You might say “look, the chance of being on track to hit all of events 1-5 by 2043 is really low. This means that in worlds where we’re on track, we’re probably barely on track; whereas in worlds where we’re not on track, we’re often missing it by decades. This makes derailment much easier than rerailment.” Which… yeah, conditional on your numbers for events 1-5, this seems true. But the low likelihood of being on track also means that even very low rerailment probabilities could change your final estimate dramatically—e.g. even 1% for each of the rerailments above would increase your headline estimate by almost an order of magnitude. And I do think that many people would interpret a headline claim of “<1%” as pretty different from “around 3%”.

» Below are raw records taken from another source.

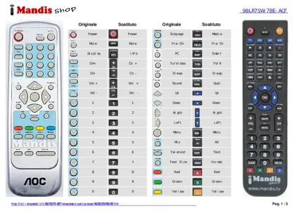 Di seguito, vi mostreremo la corrispondenza tra ciascun pulsante del telecomando originale e il pulsante che svolge la stessa funzione sul telecomando di sostituzione. In alcuni casi, potrebbe essere necessario premere il tasto SHIFT prima di premere un altro pulsante per eseguire determinate azioni. Queste funzioni aggiuntive sono spesso poco utilizzate e sono incluse per facilitare la comprensione del telecomando di sostituzione, o perché il telecomando originale ha più pulsanti rispetto al suo equivalente.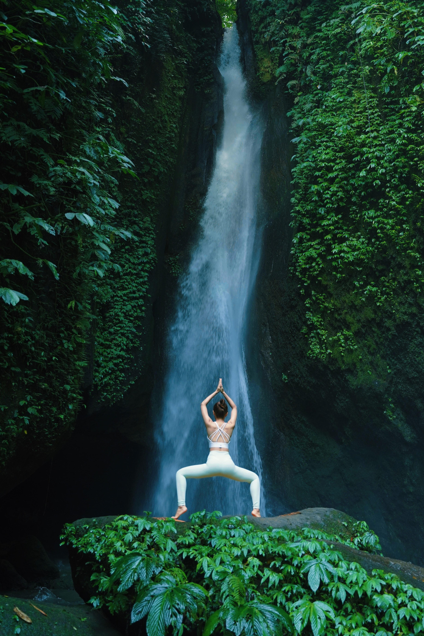 | Phụng Yến với khoảnh khắc yoga ấn tượng tại thác Banyu Wana (Bali, Indonesia) trong chuyến đi hồi tháng 5 vừa qua. |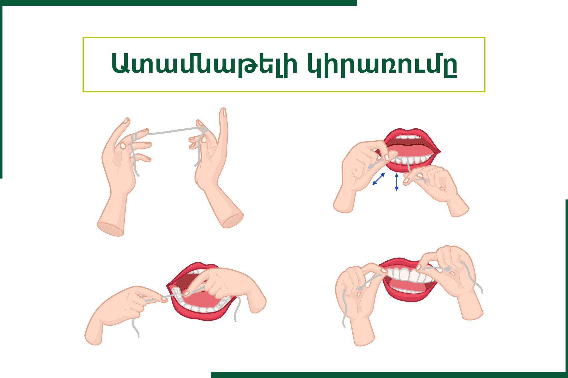 •  Ամենօրյա խնամքի մաս դարձնել ատամնաթելը կամ ֆլոսերները՝ միջատամնային տարածությունների հիգիենան պահպանելու և կոնտակտային կարիեսի առաջացումը կանխելու համար։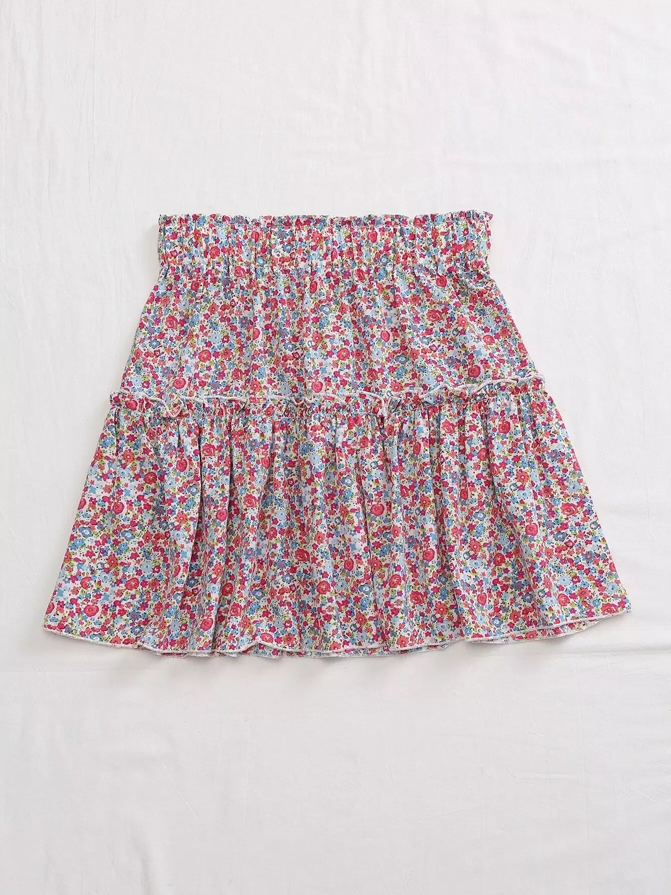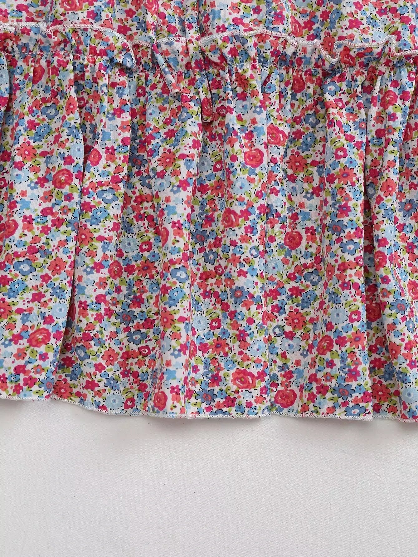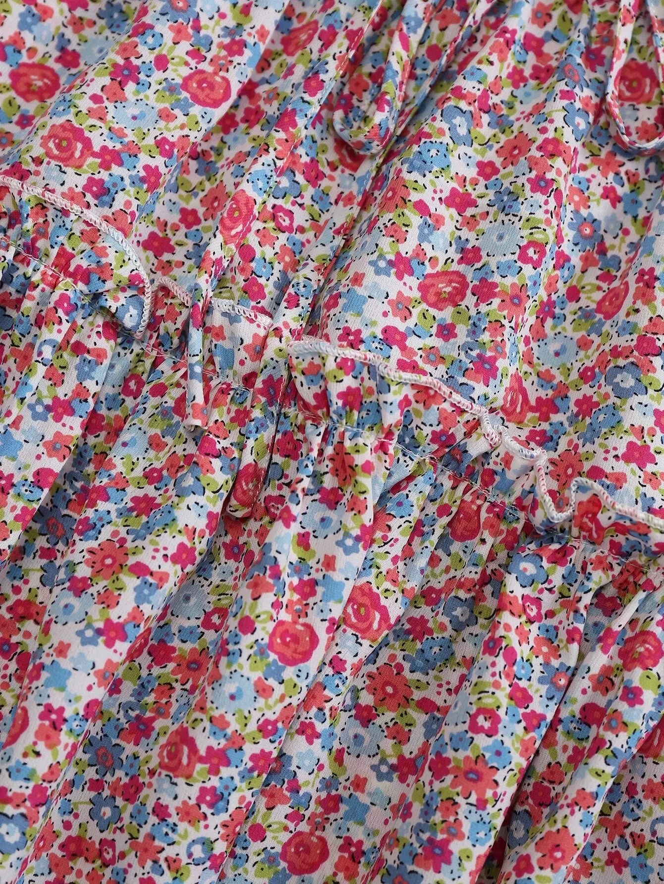 Ditsy Floral Print Ruffle Trim Knot Front Skirt

Having said that, speaking for myself, I don’t care very much about <1% vs 3%; I care about 3% vs 30% vs 60%. The difference between those is going to primarily depend on events 1-5, not on derailments or rerailments. I have been trying to avoid getting into the weeds on that, since everyone else has been doing so already. So I’ll just say the following: to me, events 1-5 all look pretty closely related. “Way better algorithms” and “far more rapid learning” and “cheaper inference” and “better robotic control” all seem in some sense to be different facets of a single underlying trend; and chip + power production will both contribute to that trend and also be boosted by that trend. And so, because of this, it seems likely to me that there are alternative factorizations which are less disjoint and therefore get very different results. I think this was what Paul was getting at, but that discussion didn’t seem super productive, so if I wanted to engage more with it a better approach might be to just come up with my own alternative factorization and then argue about whether it’s better or worse than yours. But this comment is already too long so will leave it be for now.
Great comment. We didn’t explicitly allocate probability to those scenarios, and if you do, you end up with much higher numbers. Very reasonable to do so.